The 202 response is intentionally non-committal. Its purpose is to allow a server to accept a request for some other process (perhaps a batch-oriented process that is only run once per day) without requiring that the user agent's connection to the server persist until the process is completed. The entity returned with this response SHOULD include an indication of the request's current status and either a pointer to a status monitor or some estimate of when the user can expect the request to be fulfilled.

The server immediately responds with a 202 Accepted response, and also includes a URL that the client can use to poll for status. One option is to put this URL in the response's Location header, but you can also put the URL in a link in the response's body.

The client can poll the status URL for status. Once the calculation finishes, the status resource can provide a link to the finished result.

You can add cache headers to the status resource and final result if you're concerned that the clients will be polling too hard.

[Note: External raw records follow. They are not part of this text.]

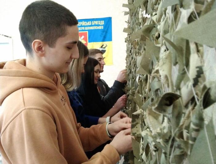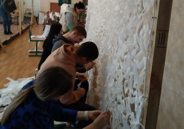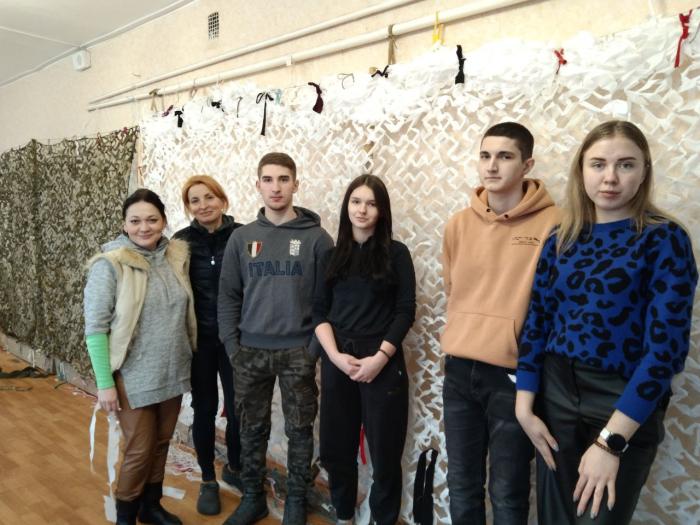 Здобувачі вищої освіти, які навчаються на першому курсі за спеціальністю «Право», – Катерина Красій, Віталій Кийков, Глеб Курдес та Анастасія Колодченко разом із провідною фахівчинею відділення кадрового забезпечення Ганною Мітітєл у черговий раз долучилися до плетіння маскувальних сіток у волонтерському центрі «Моторний вулик». Разом із волонтерами центру вони виготовили дві маскувальні сітки – білого та захисного кольорів. Така спільна робота допомагає виконати багато замовлень, які надходять від військових. Потреба в сітках завжди є, вони необхідні бійцям на фронт, щоб бути непоміченими з неба та убезпечити своє життя і техніку.
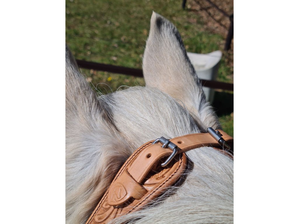 Design zaměřený na pohodlí: Speciální čelenka zajišťuje, že uši zůstanou bez tlaku, a pojistka na krku je navržena tak, aby lícní části nedotýkaly očí. Čelenka i nánosník jsou měkce polstrované a oválného tvaru, aby poskytovaly optimální pohodlí. Čelenka je plně nastavitelná, což umožňuje přizpůsobit uzdu každému jednotlivému koni. Díky unikátně navržené čelence, pojistce na krku a lícním částem uzda bezpečně sedí na hlavě koně.
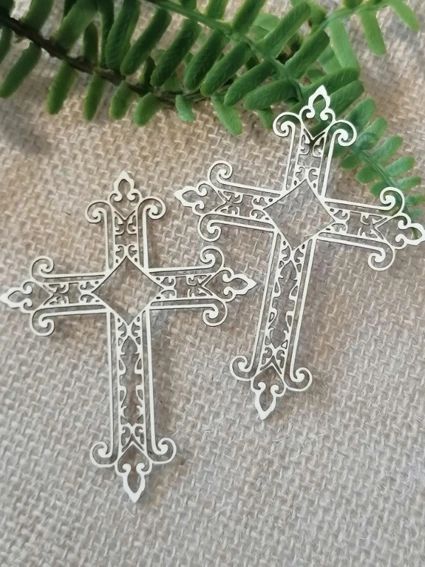 Елементи за декораци от бирен картон - кръст с орнаменти. Комплект от 2 броя.
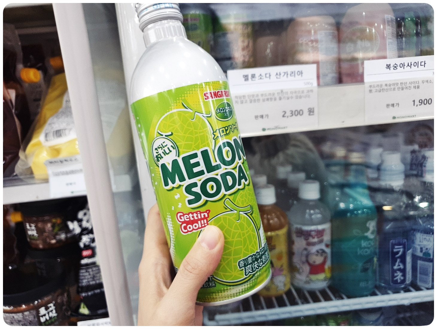 일곱 번째, 메론소다(2,300원)입니다. 이건 저의 최애 음료인데, 이곳에서도 구할 수 있어서 기뻤어요.
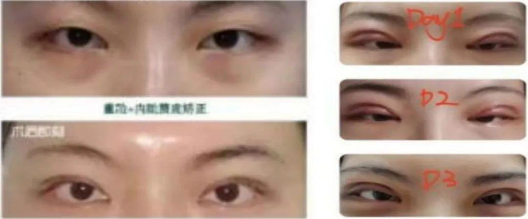 到了第二天,刘锦变成了多眼皮,而且眼皮勒着,眼睛无法正常闭合,她就向李博的助理反映,得到的回复是“现在还在术后恢复期,这是正常情况。”一周后,刘锦眼睛依然无法正常闭合,“疼得想自杀”,后来,她被确诊为干眼症、结膜炎、眼结石。
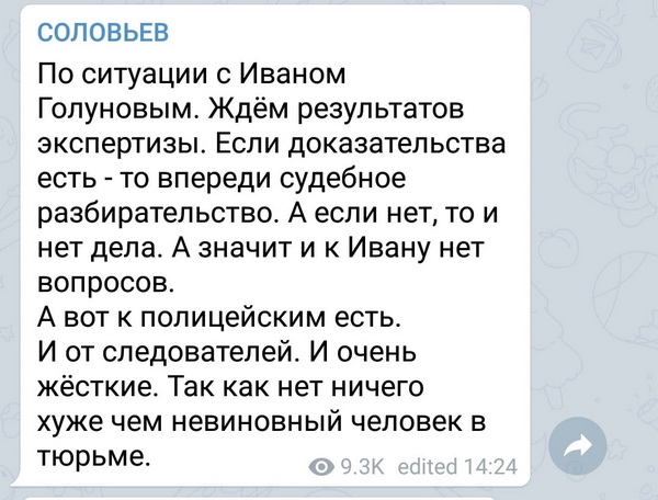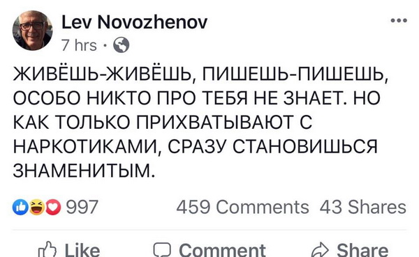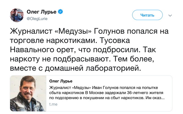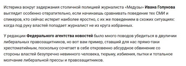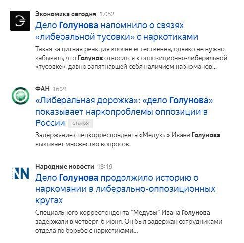 Не хватает, Алекс, в вашей подборочке вашего коллеги/ конкурента по долгожительству авторских сайтов в РФ. С ядовитой ухмылочкой он недвусмысленно объяснил всем вчера в своём 84 выпуске новостей, что "наркотики в рюкзаке были, а вот журналисты почему-то этому не верят". Понять, почему он занял такую позицию можно, т.к. он сам бывший оперуполномоченный. Но, опять же, в интервью с ним слышал, как в 90-е годы, пока он служил в милиции, бандиты предлагали ему большую взятку за противоправные действия, которую он, видимо, не взял. А типа теперь что-то поменялось. Да, наверное поменялось. Теперь бандиты в другой форме ходють 😄
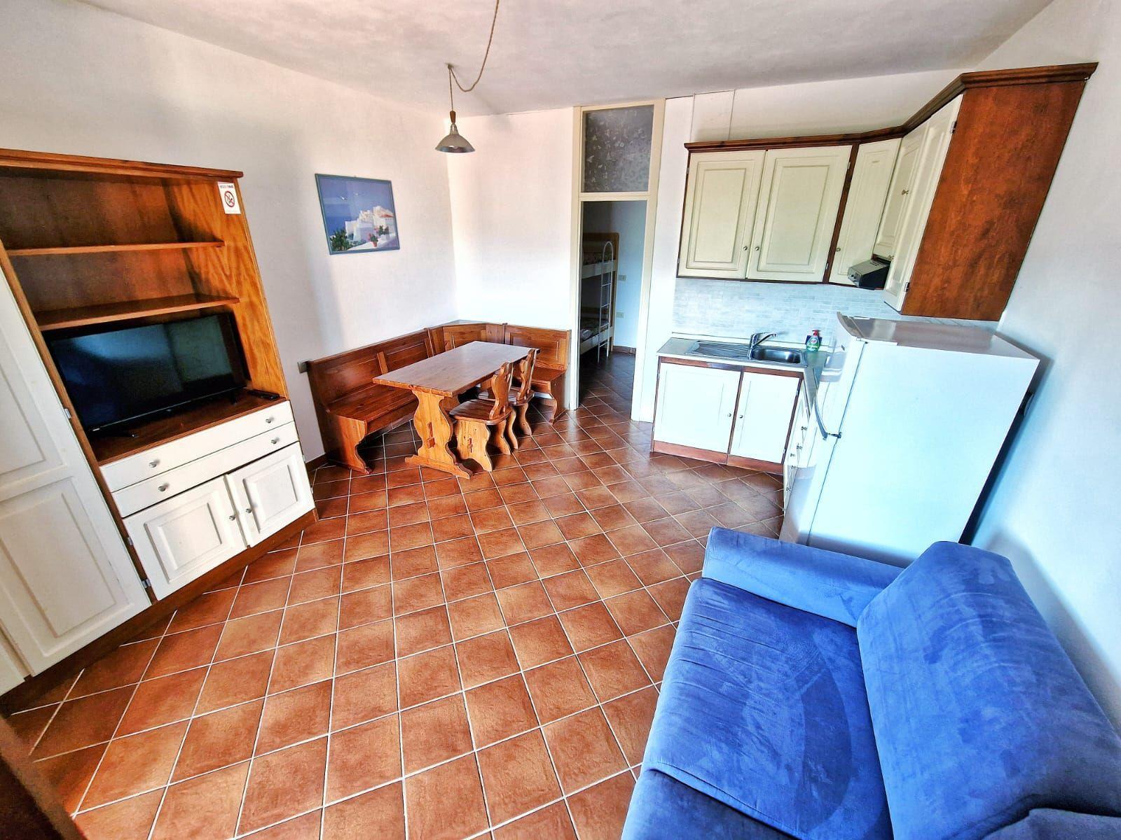 Comprising living room with kitchenette and double sofa bed (entrance with double French window, large ante-bathroom with bunk bed, private bathroom with shower cubicle (no window), bedroom (with window on service corridor side with natural light and naturally ventilated) with double bed + single bed and private service bathroom with window also on corridor side. Colour TV, air conditioning, standard fridge. Covered veranda equipped with table and chairs.
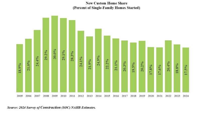 Ashok Chaluvadi2025-10-14T09:20:26-05:00In 2024, 17.5% of all new single-family homes started were custom homes. This share decreased from 18.8% in 2023 and from 20.4% in 2022, according to data tabulated from the Census Bureau’s Survey of Construction (SOC). The custom home market consists of contractor-built and owner-built homes—homes built for owner occupancy on the owner’s land, with either the owner or a builder acting as a general contractor. The alternatives are homes built-for-sale (on the builder’s land, often in subdivisions, with the intention of selling the house and land in one transaction) and homes built-for-rent. In 2024, 73.1% of the single-family homes started were built-for-sale and 9.3% were built-for-rent. At a 17.5% share, the number of custom homes started in 2024 was 176,932, falling from 177,850 in 2023. Quarterly statistics published by the Census Bureau for the second quarter of 2025 show year-over-year growth for custom home building amid broader single-family home building weakness. Although the quarterly statistics are timelier, they are often revised and lack the geographic detail available in the annual data set. When analyzed across the nine census divisions, the annual data show that the highest custom home share in 2024 was 41.2% in the New England division. The lowest share was in the West South-Central division at just 10.7%. Discover more from Eye On Housing Subscribe to get the latest posts sent to your email.
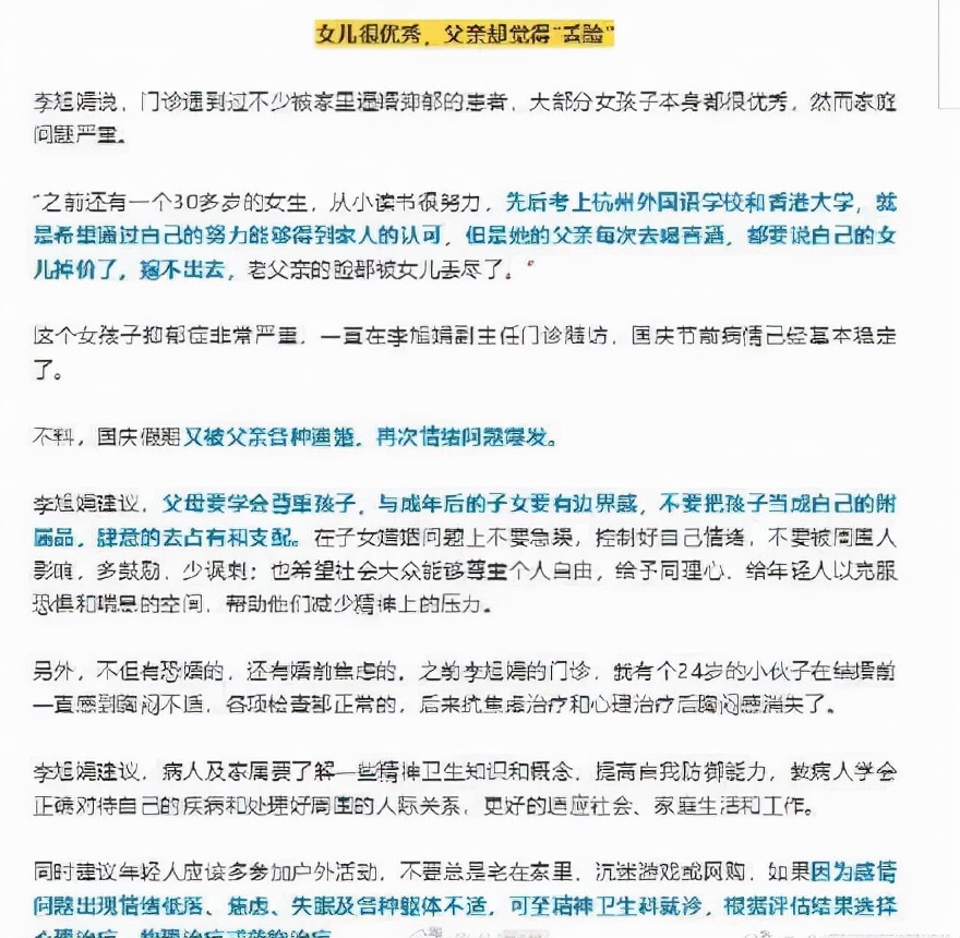 長期以來因為婚姻的事情跟父親的關係很為之緊張,女子壓力很大,憂鬱症非常嚴重,原本經過治療在國慶節前夕病情已經得到基本控制,可是隨著在國慶假期被父親各種逼婚,該女子的情緒又再次崩潰。
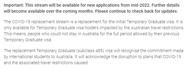 上周,移民局公布已經(jīng)持有或曾經(jīng)持有485簽證的同學(xué),只要其485簽證在2020年2月1日及之后到期,由于疫情導(dǎo)致無法入境澳洲,就可申請一個485替代簽證,有效期與原簽證相同。今日,移民局在官網(wǎng)更新了485替換簽證 (Replacement Visa) 的具體的申請要求和費用。
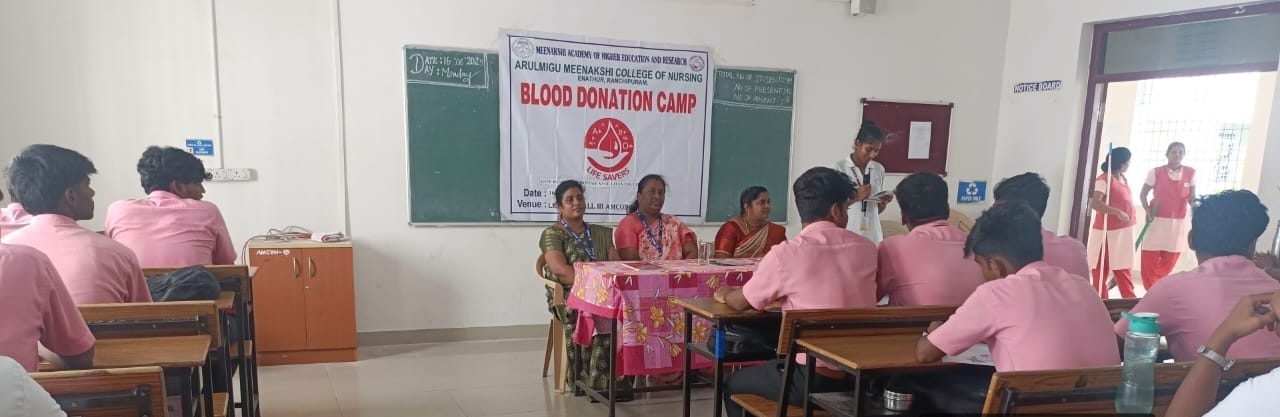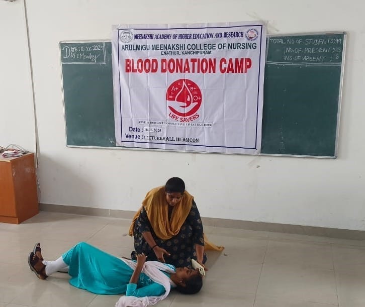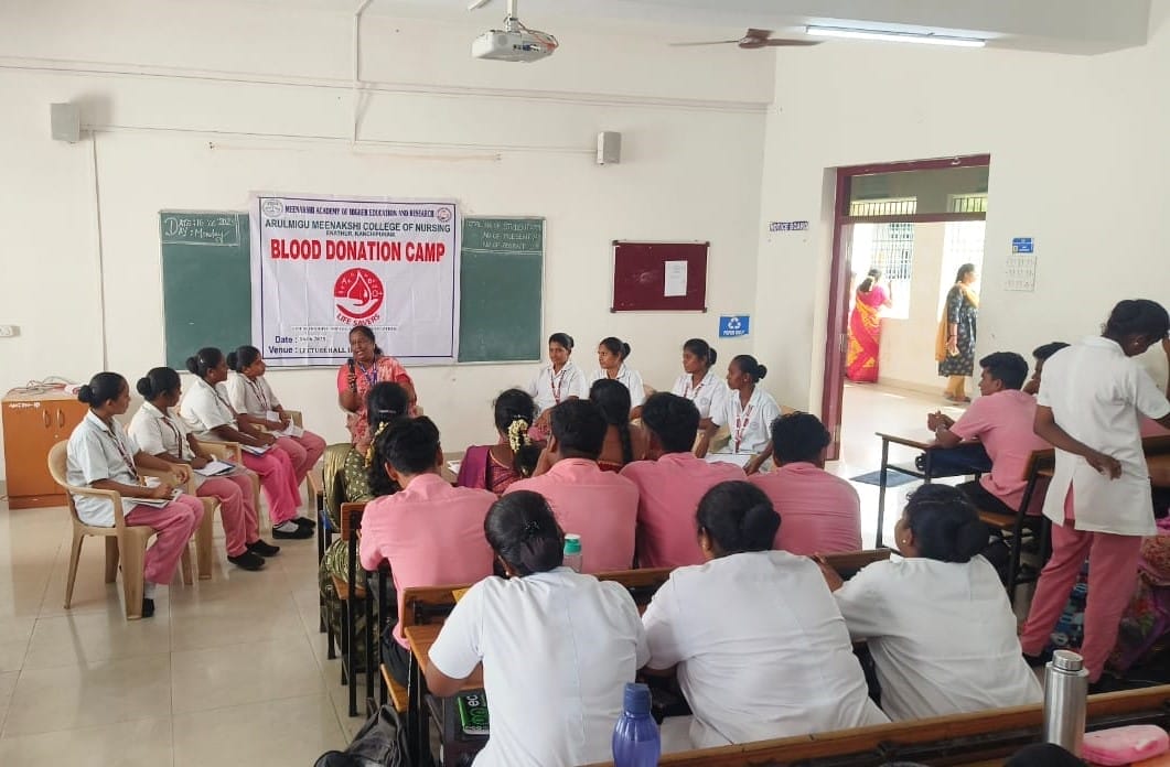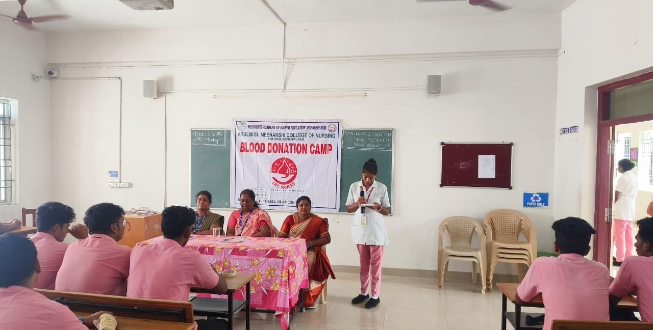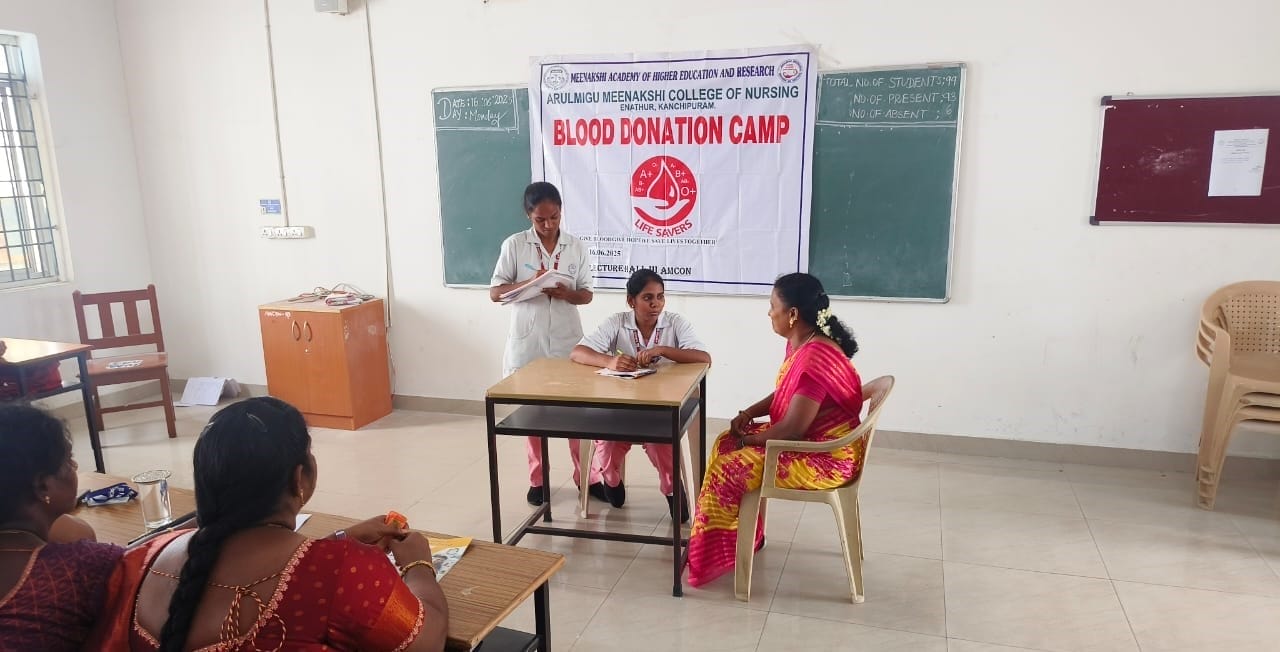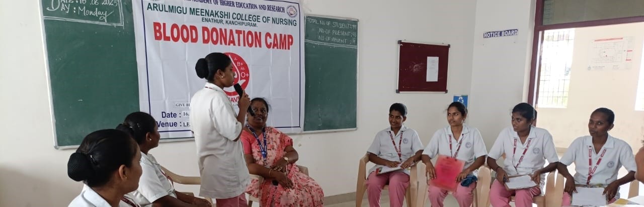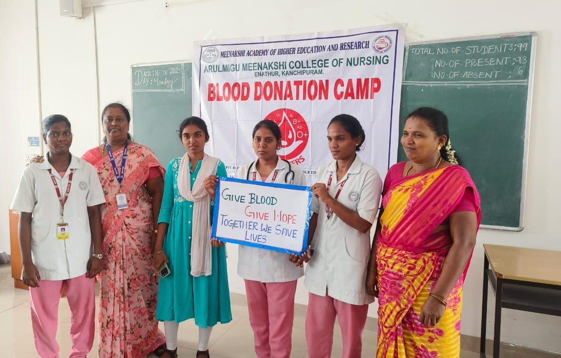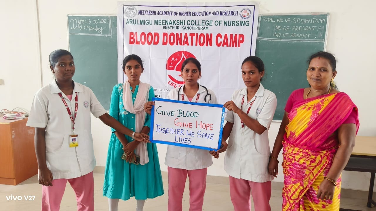 Arulmigu Meenakshi College of Nursing commemorated World Blood Donor Day on 16th June 2025, in alignment with the global theme: “Give Blood, Give Hope: Together We Save Lives.” The event aimed to raise awareness about the critical importance of voluntary blood donation and its impact on saving lives and promoting community well-being.

REST in Practice outlines the general concepts, while the RESTful Web Services Cookbook has lots of good details.

I'm not saying that you can't do something with either HTTP or TCP/IP (I don't know), but if you can't, then the above is a tried-and-true solution to similar problems.

Obviously, this is completely independent on programming language, but it's been my experience that REST and algebraic data types go well together.